Me había hecho un enredo con las palabras mientras me esforzaba
desesperadamente por concentrarme en las extensas hojas de la novela
caballeresca “Don Quijote de la Mancha” de Miguel de Cervantes. Al día
siguiente presentaría un examen breve sobre los tres primeros capítulos de Don
Quijote, que todavía no había leído; y además, debía de preparar un resumen
para la clase de historia. Como ya era costumbre me tengo que levantar a las
cinco de la mañana para poder llegar a tiempo al colegio. Tenía que acostarme
temprano, de modo que proseguí con la lectura:
"¡Dichosa edad, y siglo dichoso aquel donde saldrán a luz las
famosas hazañas mías, dignas de entallarse en bronces, esculpirse en mármoles y
pintarse en tablas, para memoria en lo futuro!" 1
Finalmente, la concentración estaba llegando y podría afrontar aquella fatídica noche.

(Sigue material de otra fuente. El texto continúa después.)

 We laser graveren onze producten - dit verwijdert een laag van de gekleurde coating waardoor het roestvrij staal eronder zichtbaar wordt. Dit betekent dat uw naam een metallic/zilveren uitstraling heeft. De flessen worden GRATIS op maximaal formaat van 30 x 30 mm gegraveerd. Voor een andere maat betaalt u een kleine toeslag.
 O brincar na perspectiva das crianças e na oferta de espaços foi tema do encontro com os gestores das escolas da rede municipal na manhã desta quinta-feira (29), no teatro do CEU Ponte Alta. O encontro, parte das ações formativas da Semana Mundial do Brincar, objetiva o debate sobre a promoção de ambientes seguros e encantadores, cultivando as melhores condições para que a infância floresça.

"¡Oh tú, sabio encantador, quienquiera que seas, a quien ha de
tocar…"
—Hola Fran—, dijo Jorge, mi hermanito de siete años. Respondí con un pequeño gruñido, con la esperanza de que se marchara. ¿Por dónde iba? Mmmm… Princesa dulcinea... ¡Eso es!

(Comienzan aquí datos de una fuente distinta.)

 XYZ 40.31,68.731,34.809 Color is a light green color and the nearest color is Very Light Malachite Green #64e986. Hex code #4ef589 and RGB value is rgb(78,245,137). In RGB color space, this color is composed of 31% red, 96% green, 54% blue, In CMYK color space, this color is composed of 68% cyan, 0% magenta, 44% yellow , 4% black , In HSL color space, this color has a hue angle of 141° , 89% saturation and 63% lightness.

"-¡Oh princesa Dulcinea, señora deste cautivo
corazón!..."
No lograba concentrarme. Sentía cómo la carita de Jorge examinaba cada uno de mis movimientos. Me sentía como un prisionero bajo la atenta mirada de mi fastidioso hermanito. Sus ojos brillantes se encendieron de emoción al ver que le preste atención.
—Hoy en la escuela la maestra nos dijo que todos los niños de segundo grado vamos a tener un día para jugar a los héroes; nos disfrazaremos de nuestro héroe y haremos una exposición; será súper divertido, y podemos dejarnos puesto el traje de héroe todo el día, durante el recreo y la merienda, y también…

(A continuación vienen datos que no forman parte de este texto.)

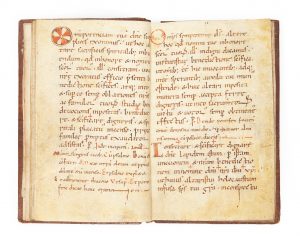 (18+1, II8, III8, iv8, v8, vi8)], écriture romane à l’encre brune (plusieurs mains ; une main majoritaire, avec écriture de deux modules), première ligne de texte copiée au-dessus de la réglure (signe d’archaïsme), texte sur une seule colonne (justification : 113 x 185 mm), piqûres encore visibles, réglure tracée à la pointe sèche, quelques lettres d’attente, rubriques à l’encre rouge pâle le plus souvent en capitales romanes, capitales rehaussées de rouge dans le texte, certaines initiales à l’encre rouge ou brune au décor géométrique sur fonds réservés, initiales simples tracées à l’encre rouge, initiales ornées à l’encre rouge et brune, certaines avec un décor floral ou végétal (par exemple f. 10v ; 11v ; 17 et passim), initiales avec abréviations comprises dans la lettre (par exemple « O/mps » pour « Omnipotens », f. 22 ; « D/s » pour « Deus », f. 24v), musique rajoutée avec notation à points superposés (notation dite « diastématique ») (ff. 1v, 2, 1 1v), des formes plurielles sont parfois indiquées dans les interlignes. Reliure du XVIIIesiècle, veau brun, dos à 5 nerfs, pièce de titre dorée « Vetus Ordo Eccle MSS », tranches mouchetées. Court en marge supérieure et parfois en marge extérieure, avec petite perte de texte par endroits. Intérieur très frais et fort lisible ; encre des rubriques pâle par endroits. Précieux manuscrit liturgique roman non répertorié, ayant servi certainement dans la collégiale de Saint-julien de brioude à partir de la fin du xVe siècle. Les pontificaux ou livres associés des xIe et siècles sont de toute rareté, et toujours précieux pour la connaissance de la liturgie du pontife et des évêques avant sa fixation par la Curie romaine au xIIIe siècle. Ce recueil ne suit pas la séquence traditionnelle du Pontifical romain et semble être plutôt un recueil d’ordines compilés pour un usage local, mais sans indices précis dans les litanies ou dans les prières, à part des références à la règle bénédictine : exécuté en Auvergne ou dans le Sud-Est de la France, son origine exacte reste à déterminer. La rubrique initiale indique : « Incipit ordo ad ecclesiam consecrandam ex Romano editus a beato Gregorio » [Ici commence un ordo pour la consécration de l’Eglise à l’usage de Rome, promulgué par saint Grégoire]. La première de ces ordines figure dans le Liber sacramentorum de circulo anni exposito a sancto Gregorio papa , livre d’oraisons réunies par Saint Grégoire le Grand au IVe s. et remanié sous le pontificat de Grégoire VII (cf. J. Deshusses, Le sacramentaire grégorien , Fribourg, 1992) : cela explique la rubrique en tête qui attribue la paternité du premier ordo à Saint Grégoire. Les ordines suivants contenus dans le présent manuscrit sont repris pour certains dans les Ordines romani (ed. Andrieu, 1961-1974), dans le Pontifical romano-germanique (ed. Vogel et Elze, 1963-1972) et dans le Pontifical romain du XIIe siècle (ed. Andrieu, 1938), sans jamais suivre l’ordre des manuscrits et des éditions connus. Il s’agit peut-être d’une collection intermédiaire destinée à un usage local. Selon une note du XVIIIe siècle en tête, ce manuscrit daterait du Xe siècle, ce qui est une erreur : il a été copié dans la seconde moitié du XIe siècle voire dans les toutes premières années du XIIe. Il est copié d’une large écriture qui alterne avec une écriture de plus petit module. On remarque les lettres « r » descendant sous la ligne, rappelant certains traits des manuscrits bénédictins du Mont-Cassin. Si une origine auvergnate se confirme, on ne peut faire abstraction de la puissante influence de Cluny en Bourgogne, et on compte plusieurs fondations bénédictines anciennes en Auvergne dont Sauxillanges, St-Allyre de Clermont et Aurillac. Il est certain que l’origine bénédictine n’aurait pas dérangé les chanoines de Saint- Julien de Brioude, car il est connu que la collégiale fut fortement influencée par Cluny et la liturgie bénédictine. TExTE : ff. 1-32v, Pontifical (romain) ou Recueil d’ordines pour un évêque, première rubrique, Incipit ordo ad ecclesiam consecrandam ex Romano editus a beato Gregorio ; incipit, "Ponantur reliquie in feretro composite in altera ecclesia pridie quam nova...” [Andrieu, Ordines romani 1, 1931, p. 281] ; relevé des rubriques suivantes : Qui per... [illisible] (f.1) ; Et incipit episcopus (f. 1v) ; Et sequitur oratio (f. 2) ; Exorcismus aque (f. 2v) ; Deinde dicit hanc oracionem oremus (f. 3) ; Benediccio aquae (f. 5) ; Exorcismus salis (f. 5v) ; Benediccio salis (f. 6) ; Benedictio cynerum (encre noire, capitales, feuillet de parchemin inséré entre ff. 6-7) ; Deinde miscetur vinum cum aqua sequitur oracio (f. 7v) ; Iterum dicit oremus et diaconus ut supra et pontifex oremus (f. 8v) ; Ipsi expleti incipit pontifex antiphona (f. 9) ; Et pontifex dicit oremus (f. 9v) ; Iterum dicit oremus. diaconus ut supra sequitur oracio (f. 13) ; Iterum dicat oremus et diaconus ut supra sequitur benediccio (f. 13) ; Ad consecrandam patenam (f. 13v) ; Inde faciens signum crucis de oleo sancto super patenam et dic (f. 14) ; B[enediccio] patene (f. 14) ; Ad calicem benedicendum (f. 14) ; Alia (f. 14v) ; Alia (f. 14v) ; Alia (f. 15) ; B[enediccio] ad lintamina vel ad omnia in usum basilice (f. 15v) ; Alia (f. 16) ; B[enediccio] super munus quodcumque ecclesie offert (f. 16) ; Alia (f. 17) ; Benediccio stolarum (f. 17) ; Oracio (f. 17v) ; Alia (f. 17v) ; Deinde vestitur altare vestibus consecratis... (f. 18v) ; Inde revestatur pontifex cum ordinibus sacris et induantur se vestimentis sollempnibus. Interim ornatur ecclesia et accendantur luminaria.pontifice incipit cantor antiphona as introitum. Terribilis est locus. Et procedit pontifex de sacrario cum ordinibus sacris more sollempni et celebratur ibi missa more solito ordine suo cum gloria in excelsis domino. Tota vero illa ebdomaderia misse pupli

Sabía que si mi hermanito no dejaba de hablar, nunca terminaría los capítulos de me faltaban, ni aquel crucial resumen, ni tendría la satisfacción de sacar un veinte.
Tenía que hacer algo; era indispensable que se marchara. Si no le hacía caso, probablemente se aburriera y se fuera a contarle su historia de héroes a otro miembro de la familia.
"Mi dedo índice me condujo de nuevo al lugar donde me había quedado en Don Quijote: …
mucho agravio me habedes fecho en despedirme y…"
—Y además vamos a hacer dibujos de nuestro héroe y…
¿Cómo es que el no comprendía que me iba a quedar la noche en vela haciendo la tarea? Estaba comenzando a enojarme y sentía que iba a estallar, cuando de repente mi hermanito dejó de hablar. Me quede asombrado. Mantuve la mirada en el libro, con la esperanza de que se diera cuenta de que no me interesaba su historia.
—Fran—, me susurro con su dulce e inocente voz.
Seguí con la mirada clavada en las palabras de Miguel de Cervantes. El se detuvo un momento; yo eche un vistazo y vi que agachaba la cabeza en desesperación por mi falta de atención. Cada vez me sentía más culpable, pero fije los ojos más intensamente en lo que estaba impreso en las descoloridas páginas.
—Fran, quiero que seas mi héroe. ¿Podría usar tu uniforme de salvavidas en el día de los héroes?—
Mis ojos hicieron un rápido movimiento del libro a la triste carita de mi hermanito. Nunca imaginé que yo fuera el héroe de Jorge, un héroe que ni siquiera se deba el tiempo para atender a un adorable niño de siete años. El corazón se me despedazó de vergüenza al darme cuenta de mi egoísmo.
Deje de lado mi bolígrafo y el libro y tomé de la mano a mi gran y
pequeño admirador y lo conduje a mi habitación. Le puse mi camisa desteñida por
el sol, mi visera de espuma y le coloqué en el cuello el desgastado silbato, en
el que apenas se distinguía el nombre de “Fran”. El miró y desplegó la sonrisa
más hermosa y tierna que jamás haya visto en su cara. Su amor me convenció de
que mi Jorge era mucho más importante que cualquier calificación que sacara en
mi vida.
1. Véase Miguel de Cervante. Don Quijode de la Mancha.